▸ HOW TO COMPLETE THIS TASK: Reproduce, exactly and only, the lines of the data that follows from the one containing "Gladys Bejerano presentó" down to the one containing "- Bulk crochet", without pictures.

▸ GIVEN DATA:
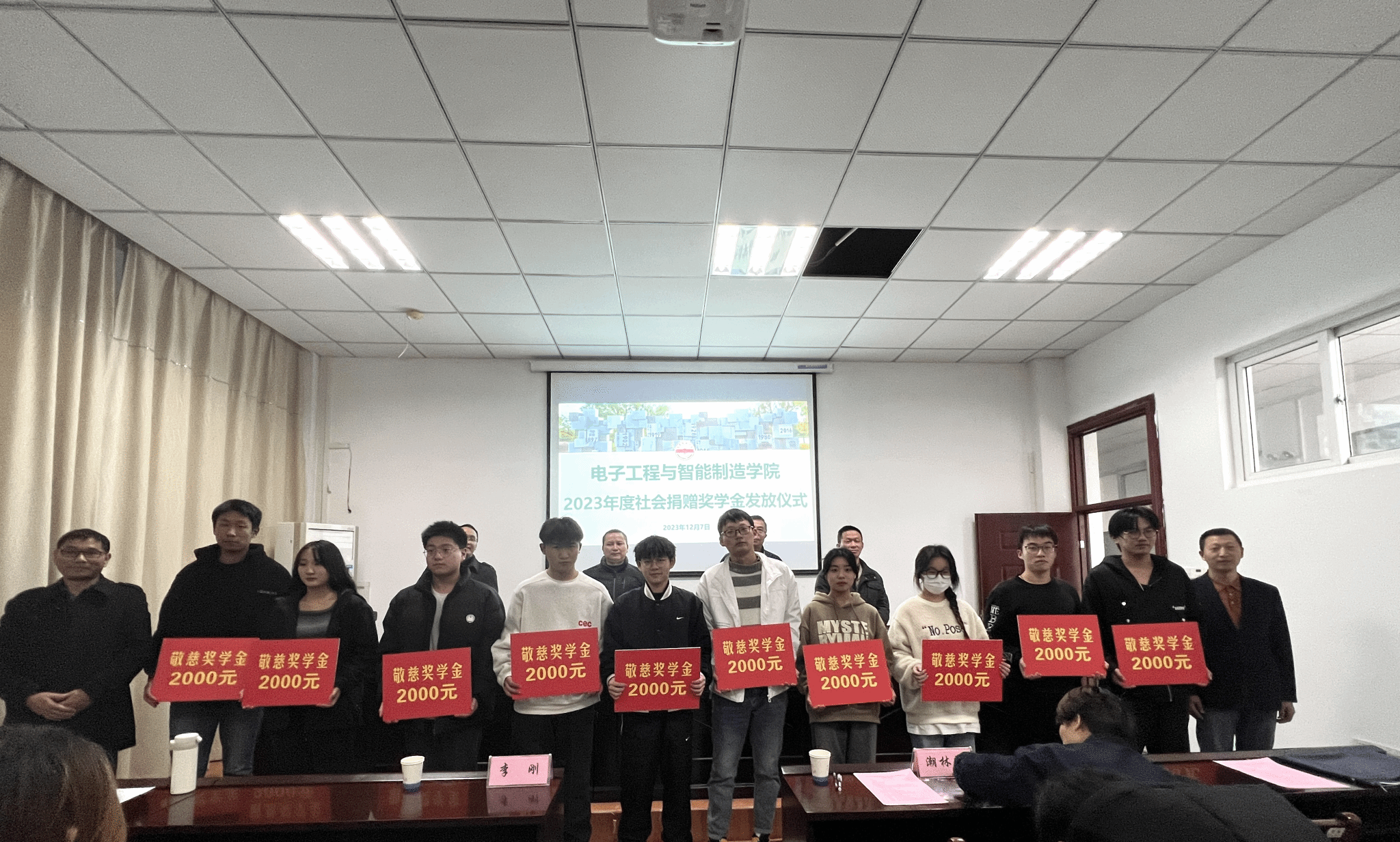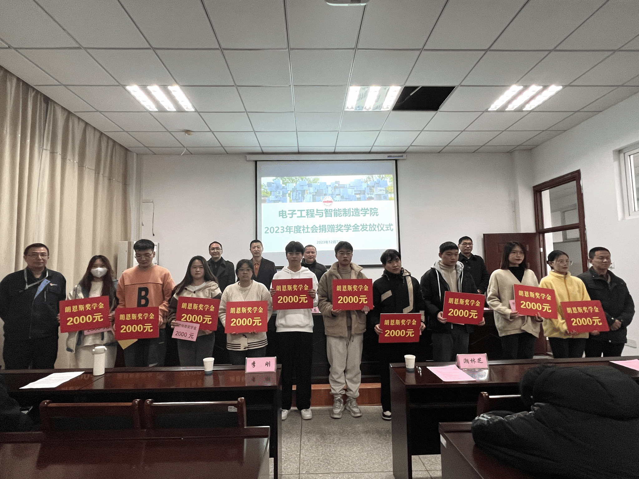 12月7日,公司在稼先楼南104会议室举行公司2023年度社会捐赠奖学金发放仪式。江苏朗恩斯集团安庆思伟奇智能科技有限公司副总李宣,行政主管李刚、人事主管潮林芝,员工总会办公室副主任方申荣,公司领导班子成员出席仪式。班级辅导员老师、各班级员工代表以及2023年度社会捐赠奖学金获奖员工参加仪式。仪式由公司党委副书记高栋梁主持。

* * *

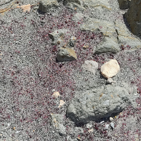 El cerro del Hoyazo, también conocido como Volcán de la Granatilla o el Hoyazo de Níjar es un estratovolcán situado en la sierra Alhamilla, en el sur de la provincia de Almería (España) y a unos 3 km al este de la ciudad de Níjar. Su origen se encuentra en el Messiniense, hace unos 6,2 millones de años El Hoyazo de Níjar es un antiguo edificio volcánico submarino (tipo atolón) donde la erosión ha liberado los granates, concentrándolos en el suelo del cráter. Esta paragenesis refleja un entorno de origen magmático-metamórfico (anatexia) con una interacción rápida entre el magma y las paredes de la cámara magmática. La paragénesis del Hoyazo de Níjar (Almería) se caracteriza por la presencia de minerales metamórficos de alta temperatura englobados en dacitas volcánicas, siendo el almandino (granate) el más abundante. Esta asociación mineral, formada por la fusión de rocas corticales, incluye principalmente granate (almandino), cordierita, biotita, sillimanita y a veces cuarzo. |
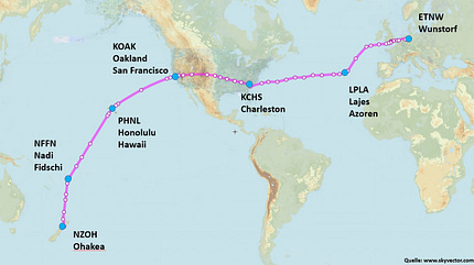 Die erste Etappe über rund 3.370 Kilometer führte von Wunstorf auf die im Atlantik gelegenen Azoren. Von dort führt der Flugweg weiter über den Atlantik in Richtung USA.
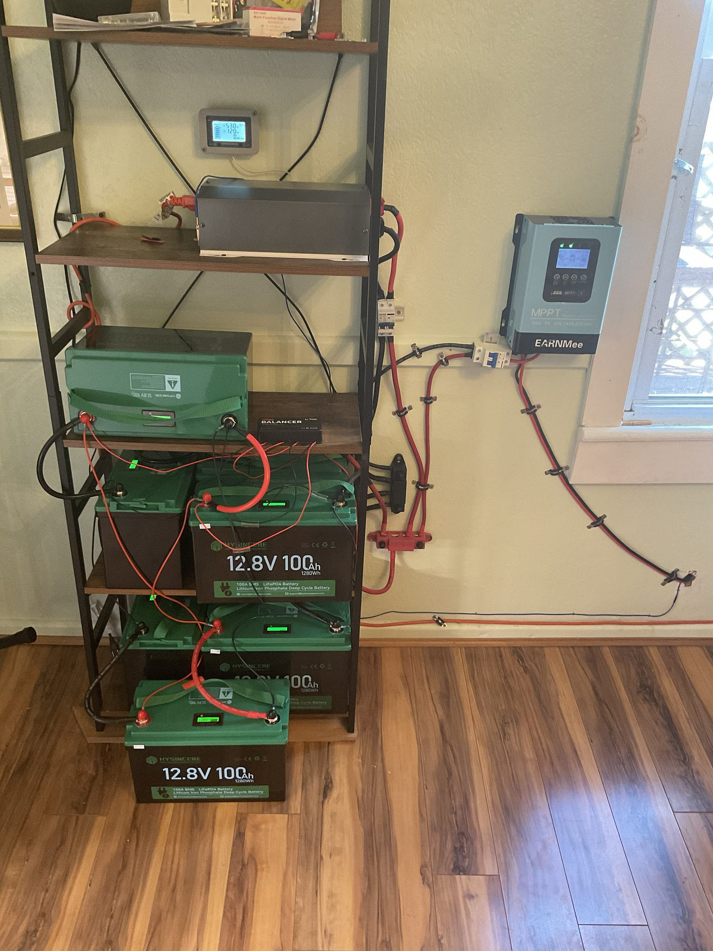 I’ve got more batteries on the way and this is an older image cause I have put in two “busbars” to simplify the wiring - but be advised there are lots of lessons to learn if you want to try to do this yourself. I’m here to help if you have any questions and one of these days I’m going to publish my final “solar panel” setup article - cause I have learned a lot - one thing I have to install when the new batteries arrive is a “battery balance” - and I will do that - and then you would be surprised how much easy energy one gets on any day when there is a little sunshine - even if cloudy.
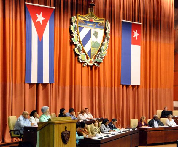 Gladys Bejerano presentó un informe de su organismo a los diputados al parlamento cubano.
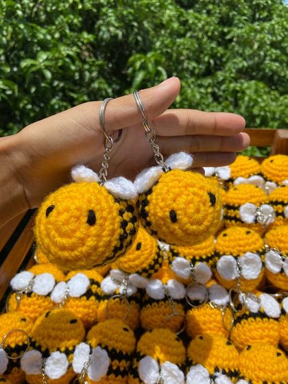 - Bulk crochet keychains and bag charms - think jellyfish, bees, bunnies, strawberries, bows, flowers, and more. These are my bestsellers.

* * *

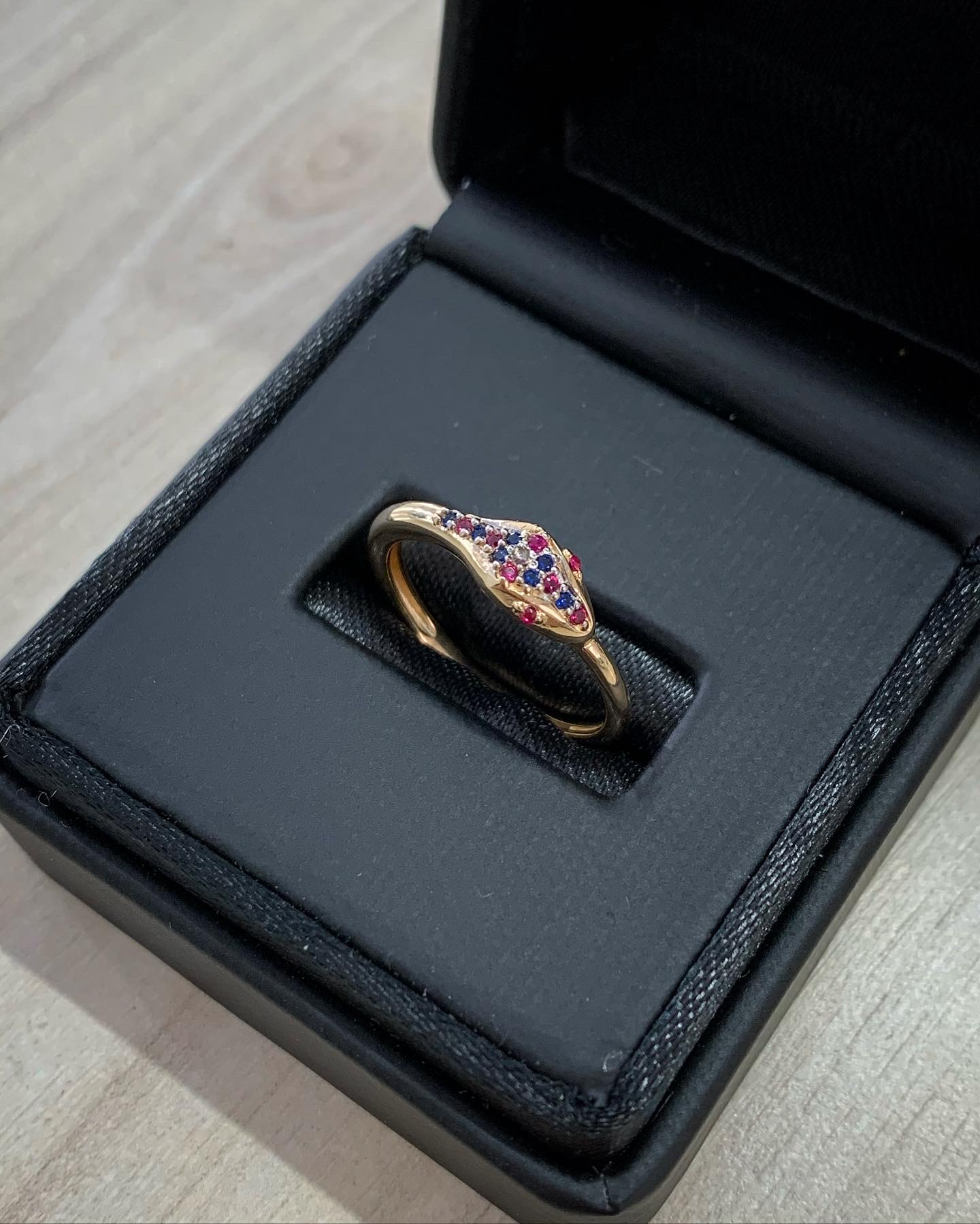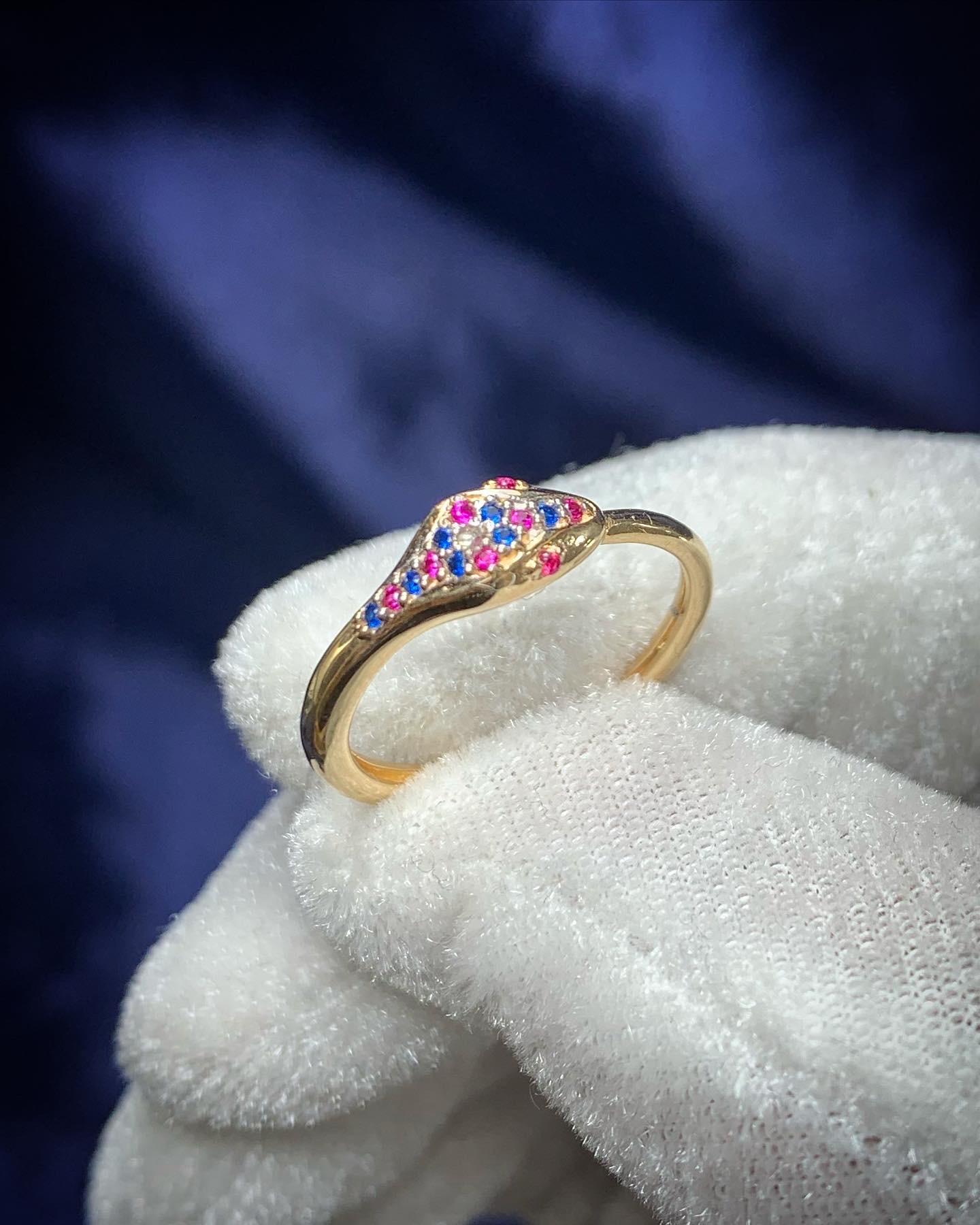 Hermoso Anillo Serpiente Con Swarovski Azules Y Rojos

▸ ANSWER FOR THIS EXERCISE:
 Gladys Bejerano presentó un informe de su organismo a los diputados al parlamento cubano.
 - Bulk crochet keychains and bag charms - think jellyfish, bees, bunnies, strawberries, bows, flowers, and more. These are my bestsellers.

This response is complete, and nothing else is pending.